I’ve been told I have a sympathetic face, but normally people don’t break down and admit to killing anyone.
Half of me wanted my cousin Abigail to bare her soul, and half of me was regretting having come in the first place.
I’d had my suspicions, but now that it appeared they were about to be confirmed, I wasn’t so sure I shouldn’t have taken Hank Edwards
’ advice to keep my “nose out of other people’s business.”
“I didn’t mean for anyone to get hurt,” Abigail continued. “I’d had a few drinks, but I thought I was fine to drive. I was only sixteen. So clueless—”
Abigail had to be talking about the Halversons.
“I shouldn’t have left them there like that,” she said. “I’m almost certain they were already dead, but still, I shouldn’t have—”
Abigail was crying now. I hoped she wasn’t going to get hysterical.
“We’ve all done things we regret,” I said. “We were all once young and stu—naive.”
“You don’t understand,” Abigail said. “I was horrible to my mother.”
I wondered if she was talking about back when she was sixteen or more recent events.
Then, quite abruptly, I was dismissed. Abigail thanked me for coming, subjected me to the world’s most awkward one-armed hug, and walked me back out to the gate.
When I got back to the convenience store, I went inside and bought the biggest bag of chocolate candy they had, then headed over to the care center where Juanita’s mother was living.

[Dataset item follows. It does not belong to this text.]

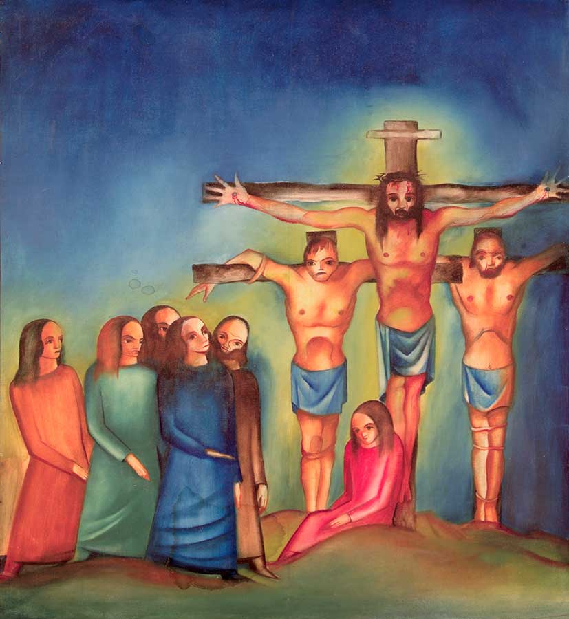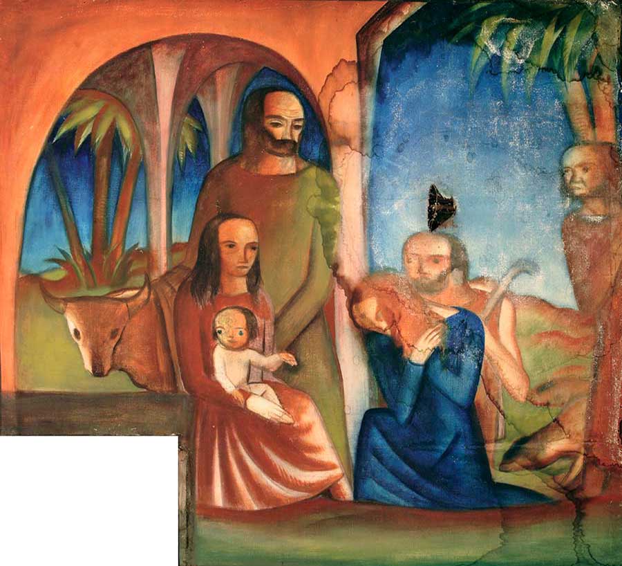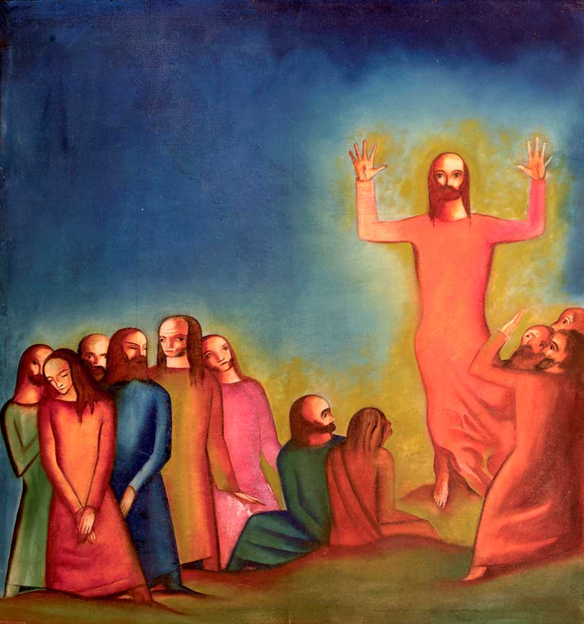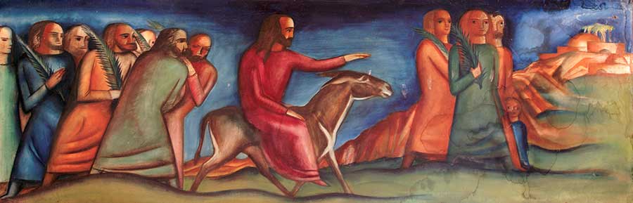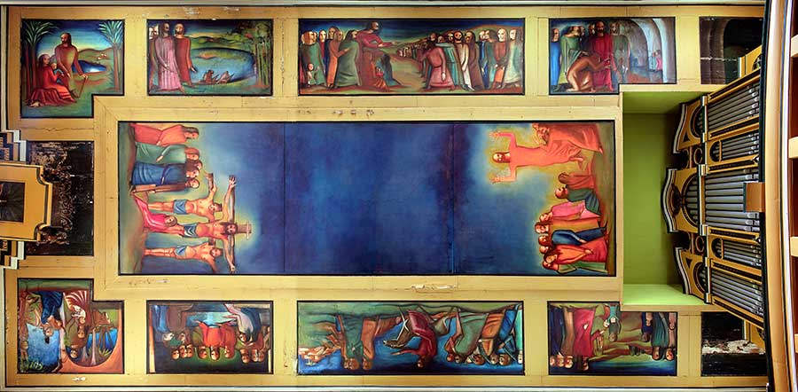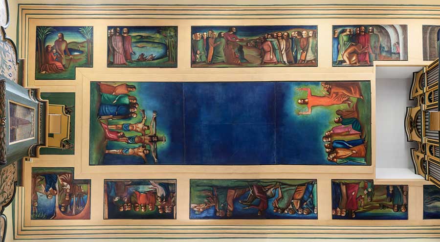 Im Mittelpunkt der Gestaltung stehen die dazu farblich kontrastierenden Deckenbilder. Sie zeigen Szenen aus dem Leben Jesu Christi. Im Mittelfeld stehen sich Kreuzigung und Himmelfahrt gegenüber. Je vier weitere Szenen aus dem Neuen Testament flankieren diese Darstellungen. Leuchtendes Lokalkolorit – Blau, Grün, Rot und tiefes Braun – prägt die Gemälde. Das tiefe Himmelsblau des Mittelfeldes findet sich in fast allen Gemälden wieder und dominiert in seiner entkörperlichten Strahlkraft den gesamten Kirchenraum. Warme Grüntöne durchziehen die landschaftlichen Bühnen der Einzelbilder, die lichten Rot- und Orangetöne sind den Gewändern vorbehalten. Auffällig sind die kontrastierenden, flächig aneinandergesetzten Farben und die überaus archaische Darstellung der Gestalten, die an die kubenhaften Gewandfiguren Giottos erinnern. Die zumeist nur durch Konturen gebauten, in lange Gewänder gehüllten Körper unterscheiden sich allein durch Haltung, Haartracht und Gesichter voneinander. Durch den radikalen Verzicht auf modisches Beiwerk und die Konzentration auf das seelische Erleben in den Gesichtern und in der Körperhaltung erlangen die Figuren eine über ihre Zeit hinausweisende Gültigkeit.↑

I buzzed myself in at the locked entrance and went to Grandma Flo’s room. Grandma Flo was dozing when I came in, but she woke up enough for me to feed her a couple of chocolates. By chocolate number three, she still didn’t remember who I was, and without the aid of pictures, it was difficult to jog her memory of who Abigail was, either.
I finally resorted to leading questions, something I was trying to avoid.
“Did you ever know anyone who killed another person?” I asked Grandma Flo.
She stopped gumming her chocolate and looked up at me with her faded watery eyes.
“It’s bad to kill somebody,” she said.
Chapter Twenty-Eight
“Did you know any bad people like that when you were younger?” I asked Grandma Flo.
“That bad girl—” she answered. “I knew a bad girl—”
Flo appeared to be falling asleep again.
“Did it have to do with a car?” I asked.